Assigned task. Copy the data below exactly, but not the pictures it contains.

===== Dataset =====

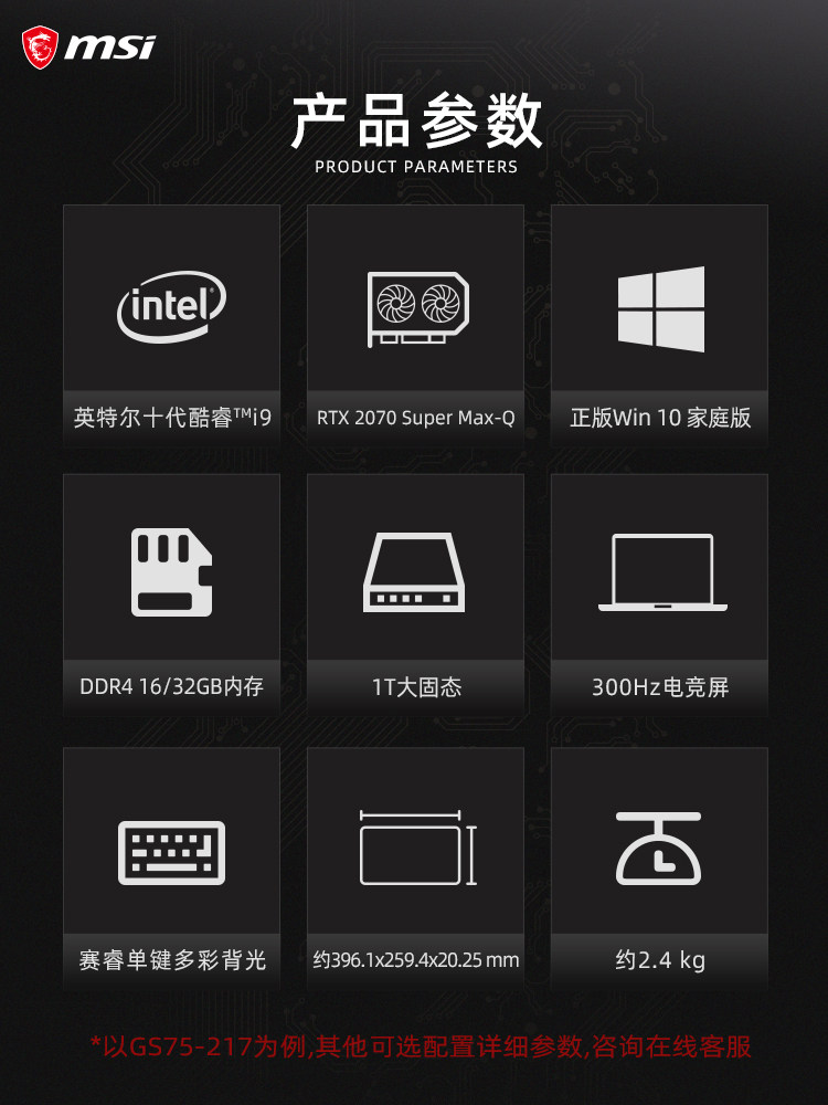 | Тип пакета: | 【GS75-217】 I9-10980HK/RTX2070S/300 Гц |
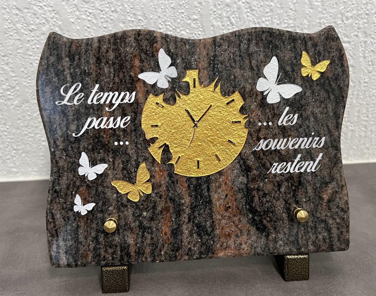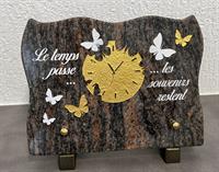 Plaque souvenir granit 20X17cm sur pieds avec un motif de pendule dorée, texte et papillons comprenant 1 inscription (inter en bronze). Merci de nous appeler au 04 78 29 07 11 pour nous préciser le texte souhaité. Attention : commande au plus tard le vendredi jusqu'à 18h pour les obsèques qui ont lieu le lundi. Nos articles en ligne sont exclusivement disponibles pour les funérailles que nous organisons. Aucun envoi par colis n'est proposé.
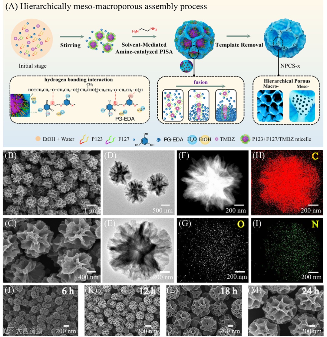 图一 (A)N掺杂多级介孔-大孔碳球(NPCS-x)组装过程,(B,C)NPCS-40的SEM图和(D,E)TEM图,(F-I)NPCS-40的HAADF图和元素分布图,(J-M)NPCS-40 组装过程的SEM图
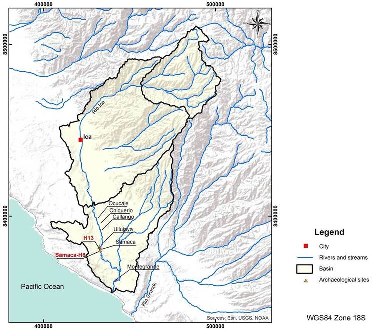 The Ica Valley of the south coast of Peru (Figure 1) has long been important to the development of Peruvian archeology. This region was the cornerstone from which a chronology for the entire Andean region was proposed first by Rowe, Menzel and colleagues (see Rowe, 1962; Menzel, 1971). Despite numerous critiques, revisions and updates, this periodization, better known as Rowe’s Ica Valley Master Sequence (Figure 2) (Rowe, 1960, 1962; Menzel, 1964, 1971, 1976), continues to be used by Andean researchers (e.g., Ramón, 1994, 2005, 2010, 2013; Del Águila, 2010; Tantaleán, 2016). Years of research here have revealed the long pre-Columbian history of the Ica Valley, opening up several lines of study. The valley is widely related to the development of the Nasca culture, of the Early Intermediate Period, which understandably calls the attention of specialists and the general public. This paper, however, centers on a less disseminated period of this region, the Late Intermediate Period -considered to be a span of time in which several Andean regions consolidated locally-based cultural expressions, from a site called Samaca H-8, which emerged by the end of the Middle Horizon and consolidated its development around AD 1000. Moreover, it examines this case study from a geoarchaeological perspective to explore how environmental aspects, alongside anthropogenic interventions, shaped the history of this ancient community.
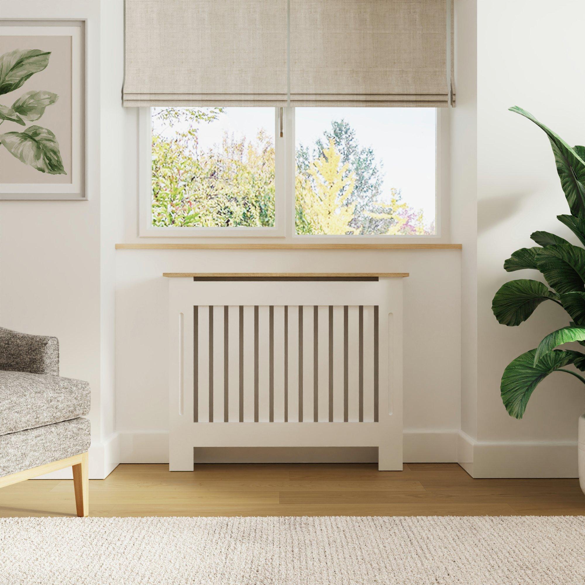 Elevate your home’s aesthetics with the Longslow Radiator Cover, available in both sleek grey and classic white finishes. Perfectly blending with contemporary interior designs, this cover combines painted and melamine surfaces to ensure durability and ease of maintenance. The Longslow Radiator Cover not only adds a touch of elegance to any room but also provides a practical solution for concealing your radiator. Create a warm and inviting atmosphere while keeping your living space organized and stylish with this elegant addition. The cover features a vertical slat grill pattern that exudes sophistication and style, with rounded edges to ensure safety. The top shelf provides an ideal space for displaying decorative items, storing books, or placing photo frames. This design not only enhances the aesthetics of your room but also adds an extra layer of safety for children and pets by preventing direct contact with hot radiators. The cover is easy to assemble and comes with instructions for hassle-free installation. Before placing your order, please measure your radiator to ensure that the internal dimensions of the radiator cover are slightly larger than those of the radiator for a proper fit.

=====

Solution to this exercise.
 | Тип пакета: | 【GS75-217】 I9-10980HK/RTX2070S/300 Гц |
 Plaque souvenir granit 20X17cm sur pieds avec un motif de pendule dorée, texte et papillons comprenant 1 inscription (inter en bronze). Merci de nous appeler au 04 78 29 07 11 pour nous préciser le texte souhaité. Attention : commande au plus tard le vendredi jusqu'à 18h pour les obsèques qui ont lieu le lundi. Nos articles en ligne sont exclusivement disponibles pour les funérailles que nous organisons. Aucun envoi par colis n'est proposé.
 图一 (A)N掺杂多级介孔-大孔碳球(NPCS-x)组装过程,(B,C)NPCS-40的SEM图和(D,E)TEM图,(F-I)NPCS-40的HAADF图和元素分布图,(J-M)NPCS-40 组装过程的SEM图
 The Ica Valley of the south coast of Peru (Figure 1) has long been important to the development of Peruvian archeology. This region was the cornerstone from which a chronology for the entire Andean region was proposed first by Rowe, Menzel and colleagues (see Rowe, 1962; Menzel, 1971). Despite numerous critiques, revisions and updates, this periodization, better known as Rowe’s Ica Valley Master Sequence (Figure 2) (Rowe, 1960, 1962; Menzel, 1964, 1971, 1976), continues to be used by Andean researchers (e.g., Ramón, 1994, 2005, 2010, 2013; Del Águila, 2010; Tantaleán, 2016). Years of research here have revealed the long pre-Columbian history of the Ica Valley, opening up several lines of study. The valley is widely related to the development of the Nasca culture, of the Early Intermediate Period, which understandably calls the attention of specialists and the general public. This paper, however, centers on a less disseminated period of this region, the Late Intermediate Period -considered to be a span of time in which several Andean regions consolidated locally-based cultural expressions, from a site called Samaca H-8, which emerged by the end of the Middle Horizon and consolidated its development around AD 1000. Moreover, it examines this case study from a geoarchaeological perspective to explore how environmental aspects, alongside anthropogenic interventions, shaped the history of this ancient community.
 Elevate your home’s aesthetics with the Longslow Radiator Cover, available in both sleek grey and classic white finishes. Perfectly blending with contemporary interior designs, this cover combines painted and melamine surfaces to ensure durability and ease of maintenance. The Longslow Radiator Cover not only adds a touch of elegance to any room but also provides a practical solution for concealing your radiator. Create a warm and inviting atmosphere while keeping your living space organized and stylish with this elegant addition. The cover features a vertical slat grill pattern that exudes sophistication and style, with rounded edges to ensure safety. The top shelf provides an ideal space for displaying decorative items, storing books, or placing photo frames. This design not only enhances the aesthetics of your room but also adds an extra layer of safety for children and pets by preventing direct contact with hot radiators. The cover is easy to assemble and comes with instructions for hassle-free installation. Before placing your order, please measure your radiator to ensure that the internal dimensions of the radiator cover are slightly larger than those of the radiator for a proper fit.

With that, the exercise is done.